After the war, work quickly resumed. Partially constructed buildings were completed and others brought in. Word got out, and curious people began to come by to see what was going on. Many of these uninvited guests complained that they had mistakenly searched in vain for the Village in nearby Quinebaug, Connecticut. In 1946 the fledgling museum changed its name to Old Sturbridge Village in hopes of thwarting any further geographic confusion.

Ruth Wells realized that the people dropping by were impeding work on the museum, so she decided to open it up. On June 8, 1946, 81 people paid a dollar apiece to tour the grounds and see displays of antiques arranged in the new and restored old buildings, including the Fitch House, Grist Mill, Richardson House and Gebhardt barn (now called the Parsonage and Parsonage Barn), the Miner Grant Store, Dennison Schoolhouse (now the Child’s World exhibit), Firearms exhibit, Shoe Shop and more, including a sawmill and blacksmith shop (but not the ones standing today). The Village Inn (now the Bullard Tavern) was under construction, but many now-familiar exhibits, including the Center Meetinghouse, Towne and Fenno houses, Freeman Farm, Thompson Bank and Covered Bridge were not yet here. Over 5,000 more guests visited that first summer and fall. Almost constant growth marked the Village’s early years, as more exhibits were added and more visitors came to see them.

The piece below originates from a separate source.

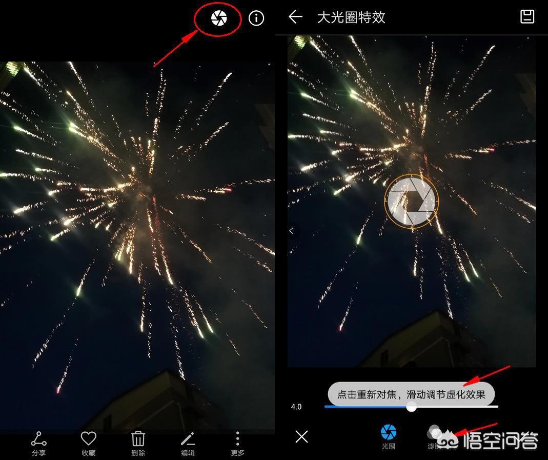 首先在本地相册里找到我们需要处理的图片,然后点击右上角的大光圈图标。注意:前期用大光圈模式拍摄的图片才有这个图标哦,可以进行二次对焦,以及添加一些拍摄时简单的镜头滤镜效果。如下图,点击大光圈按钮, 然后进入进行编辑。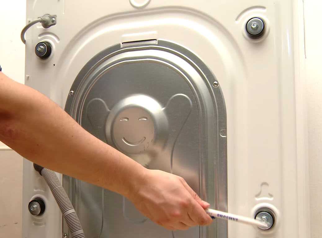 Потребность снять заднюю стенку стиральной машины Самсунг может возникнуть при необходимости проверить щетки электродвигателя, заменить приводной ремень или, например, осмотреть шкив. Обычно, разобрать корпус машинки несложно, но у моделей Samsung просто так отсоединить панель не удастся. Разберемся, как получить доступ к деталям, расположенным сзади, как осуществить демонтаж задней стенки стиралки.

The Village Inn (now the Bullard Tavern) was completed in 1947. That same year, the Center Meetinghouse, was acquired in exchange for a new Hammond electric organ to the congregation. Restoration was completed the following year. Active craft demonstrations began by 1948, and soon guests were no longer permitted to tour the Village in their cars. As the years went by, Earle Newton was hired as director, and Ruth Wells transitioned to managing the growing crafts program. By 1952 the Fenno House, Friends’ Meeting house and town pound arrived, several buildings were moved and the Salem Towne House’s restoration continued. The tenth year of operation saw perhaps the Village’s greatest test. In 1955 two hurricanes, Connie and Diane, hit New England back to back. Raging floodwaters damaged several exhibits and washed the covered bridge off its footings. But the water receded, and the clean-up began.

Most important, more and more people kept coming to see history brought to life at the Village, which welcomed its one millionth visitor in 1957. Since then, many more programs, exhibits and special events have been added and refined in an effort to constantly improve the visitor experience. Through the decades, we have grown well beyond a collection of antiques in a bucolic setting, or even an assemblage of historic craft demonstrations. The “living village” envisioned by George, A.B. and J. Cheney Wells has taken on a vibrant life of its own as a leader in the fields of museum education and living history interpretation.  As we celebrate our own past as well as New England’s early history, we continue to “make no little plans,” as we look ahead to a long and bright future.